[Task directions] Every line from the one holding "- On Value Changed 드롭다운의 옵션을 클릭한 경우 호출되는 이벤트" through the one holding "Liseye Geçiş Sınavı" in the data below must be returned exactly, both ends included, with pictures left out and nothing else added.

Given data START

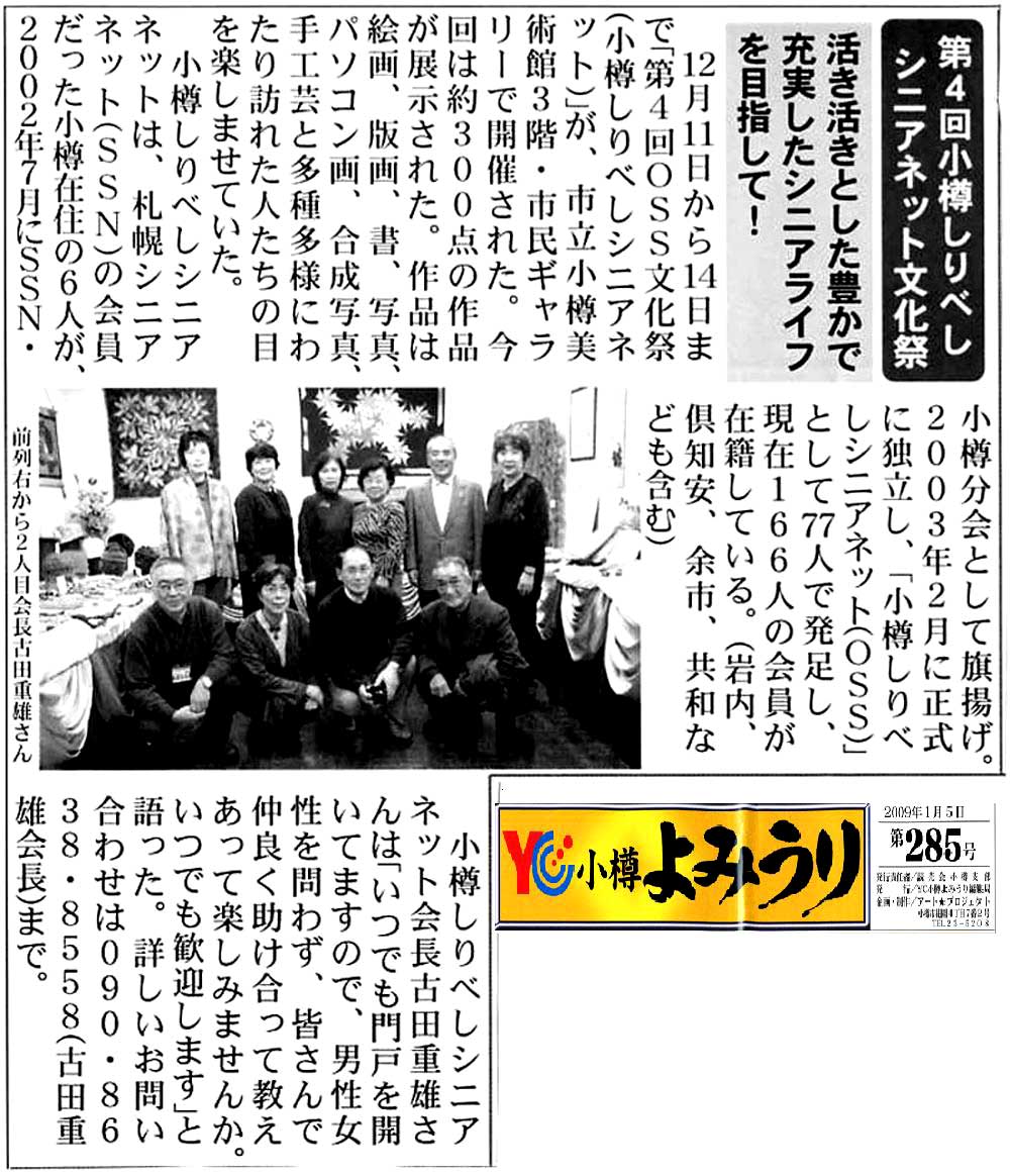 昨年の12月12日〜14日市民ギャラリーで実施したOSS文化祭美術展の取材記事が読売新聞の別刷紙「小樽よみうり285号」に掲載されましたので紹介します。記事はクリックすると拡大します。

Given data END
Given data START

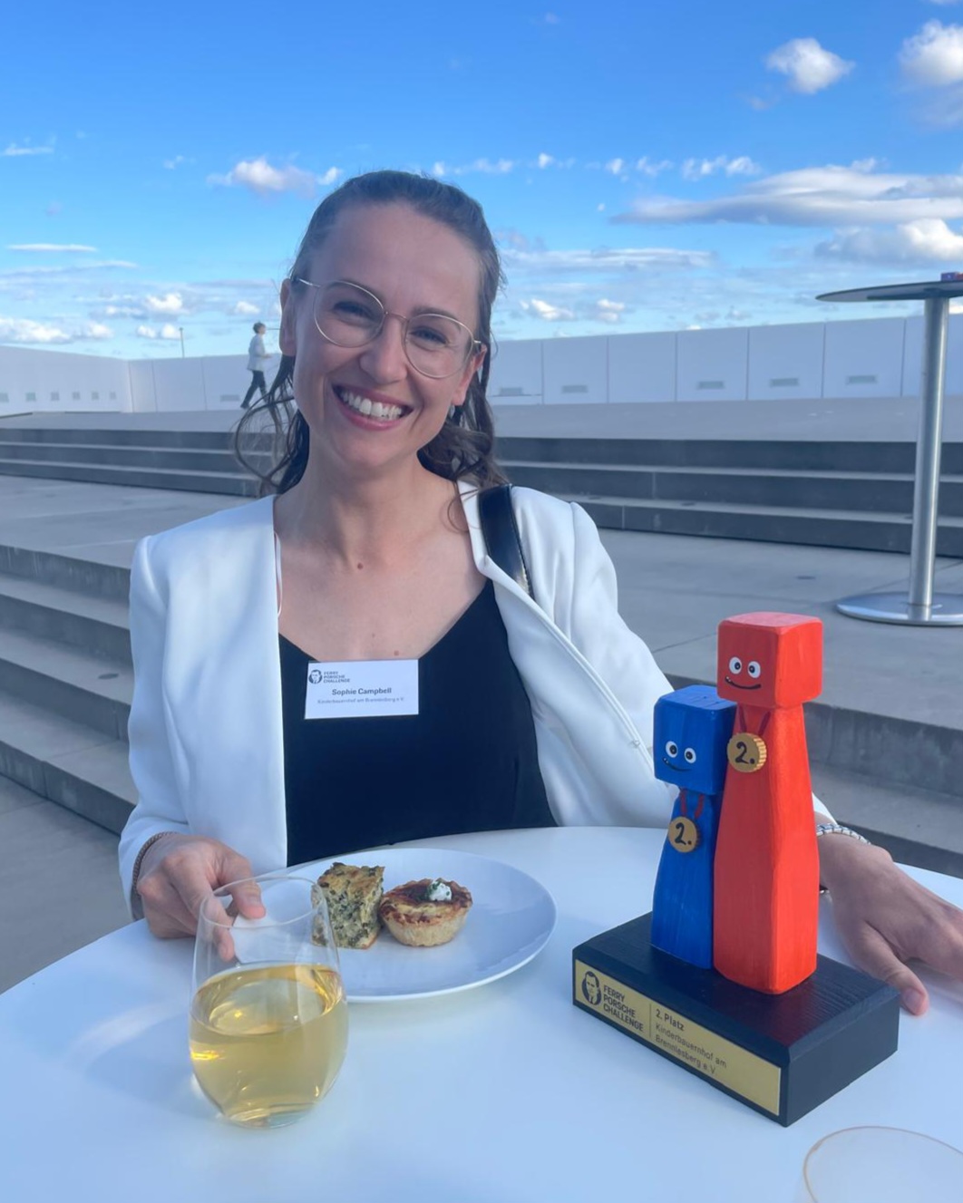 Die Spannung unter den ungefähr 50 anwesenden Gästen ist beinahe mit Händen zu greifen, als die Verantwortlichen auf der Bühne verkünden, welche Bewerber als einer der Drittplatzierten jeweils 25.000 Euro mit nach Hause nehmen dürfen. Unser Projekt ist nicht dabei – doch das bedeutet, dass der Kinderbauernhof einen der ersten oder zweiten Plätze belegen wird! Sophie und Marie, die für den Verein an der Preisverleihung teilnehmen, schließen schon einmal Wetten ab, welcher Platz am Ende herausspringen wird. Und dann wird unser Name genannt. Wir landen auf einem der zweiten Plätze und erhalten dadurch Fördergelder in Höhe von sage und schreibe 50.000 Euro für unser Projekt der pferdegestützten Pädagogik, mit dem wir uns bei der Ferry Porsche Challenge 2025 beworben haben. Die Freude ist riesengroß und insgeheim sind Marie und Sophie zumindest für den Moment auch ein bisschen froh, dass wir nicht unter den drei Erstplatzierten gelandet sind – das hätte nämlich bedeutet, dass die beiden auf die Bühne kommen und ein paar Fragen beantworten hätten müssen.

Given data END
Given data START

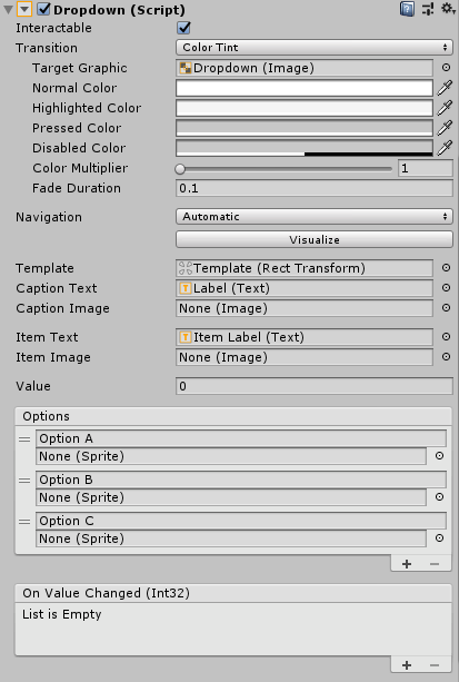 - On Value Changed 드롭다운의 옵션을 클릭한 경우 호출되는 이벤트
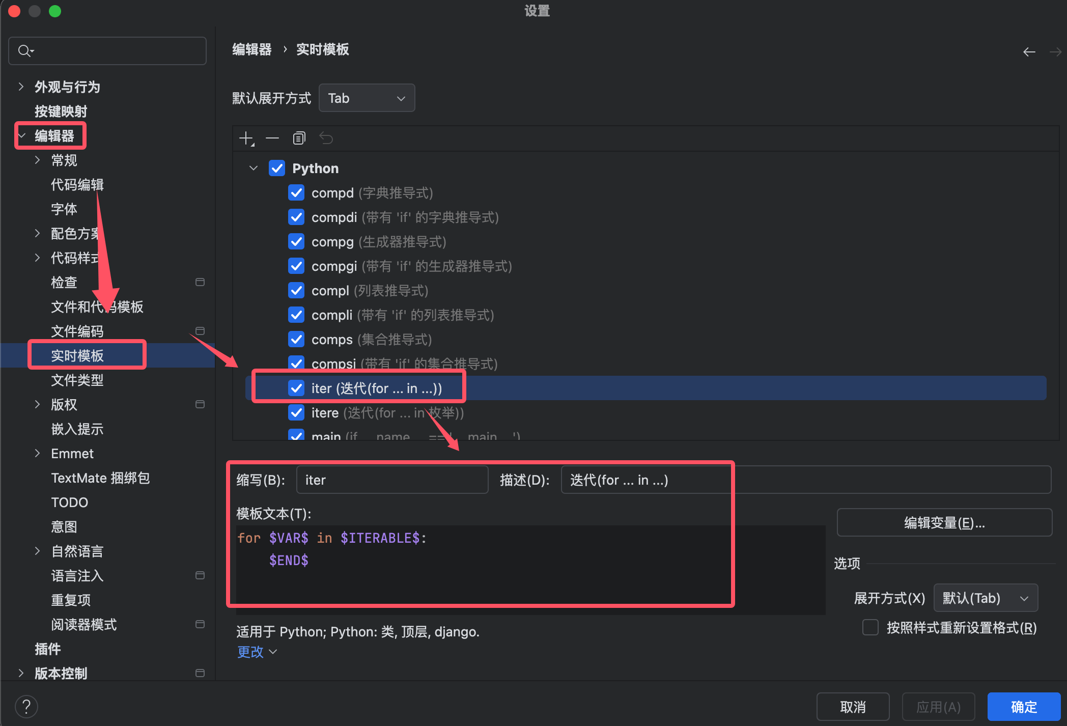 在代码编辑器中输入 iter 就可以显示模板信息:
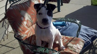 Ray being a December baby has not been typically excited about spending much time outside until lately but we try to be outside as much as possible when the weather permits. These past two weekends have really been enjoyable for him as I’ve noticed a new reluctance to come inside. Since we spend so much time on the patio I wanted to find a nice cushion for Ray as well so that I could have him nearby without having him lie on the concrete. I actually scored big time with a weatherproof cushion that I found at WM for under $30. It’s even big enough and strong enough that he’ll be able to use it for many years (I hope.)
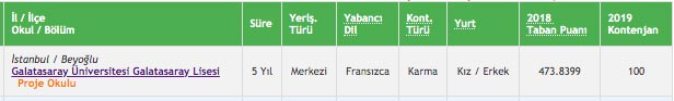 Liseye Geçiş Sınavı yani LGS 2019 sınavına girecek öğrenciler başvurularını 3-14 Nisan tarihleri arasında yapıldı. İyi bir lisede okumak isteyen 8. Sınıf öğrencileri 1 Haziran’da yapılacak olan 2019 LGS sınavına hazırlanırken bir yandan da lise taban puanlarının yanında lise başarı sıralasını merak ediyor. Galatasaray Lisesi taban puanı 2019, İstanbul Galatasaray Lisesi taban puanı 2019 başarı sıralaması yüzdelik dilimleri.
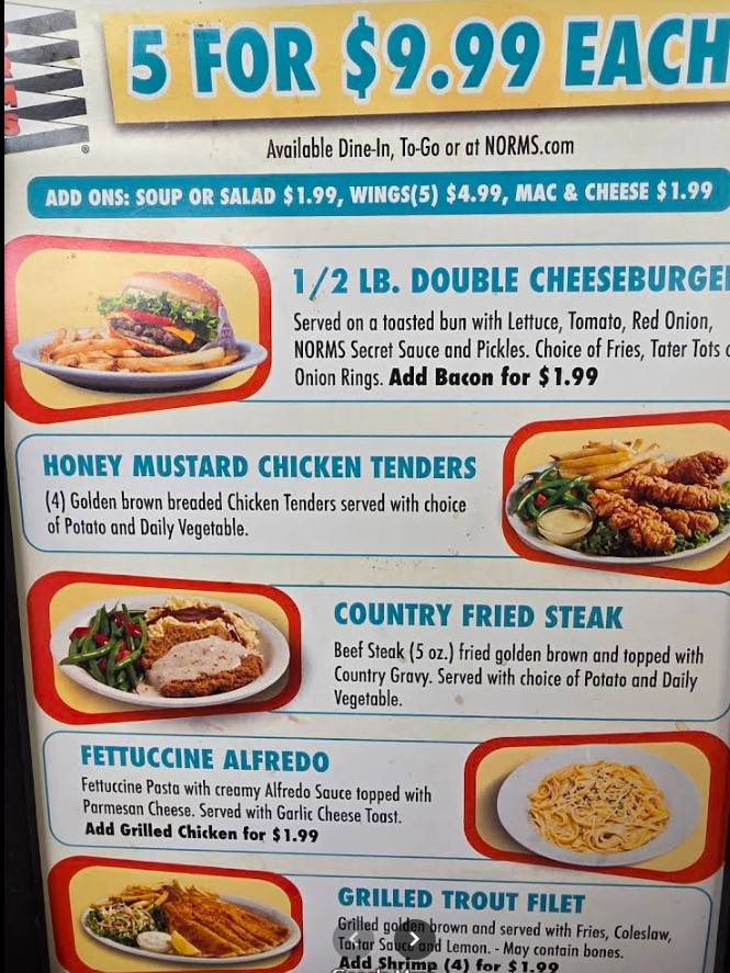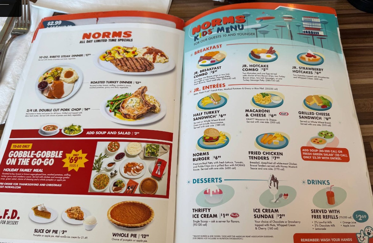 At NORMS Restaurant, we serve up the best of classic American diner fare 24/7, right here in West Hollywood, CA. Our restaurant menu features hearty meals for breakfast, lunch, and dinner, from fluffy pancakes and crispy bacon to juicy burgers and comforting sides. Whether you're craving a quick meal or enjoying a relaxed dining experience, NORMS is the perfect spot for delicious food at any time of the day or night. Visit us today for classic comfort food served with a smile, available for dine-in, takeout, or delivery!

Given data END

[Answer box]
 - On Value Changed 드롭다운의 옵션을 클릭한 경우 호출되는 이벤트
 在代码编辑器中输入 iter 就可以显示模板信息:
 Ray being a December baby has not been typically excited about spending much time outside until lately but we try to be outside as much as possible when the weather permits. These past two weekends have really been enjoyable for him as I’ve noticed a new reluctance to come inside. Since we spend so much time on the patio I wanted to find a nice cushion for Ray as well so that I could have him nearby without having him lie on the concrete. I actually scored big time with a weatherproof cushion that I found at WM for under $30. It’s even big enough and strong enough that he’ll be able to use it for many years (I hope.)
 Liseye Geçiş Sınavı yani LGS 2019 sınavına girecek öğrenciler başvurularını 3-14 Nisan tarihleri arasında yapıldı. İyi bir lisede okumak isteyen 8. Sınıf öğrencileri 1 Haziran’da yapılacak olan 2019 LGS sınavına hazırlanırken bir yandan da lise taban puanlarının yanında lise başarı sıralasını merak ediyor. Galatasaray Lisesi taban puanı 2019, İstanbul Galatasaray Lisesi taban puanı 2019 başarı sıralaması yüzdelik dilimleri.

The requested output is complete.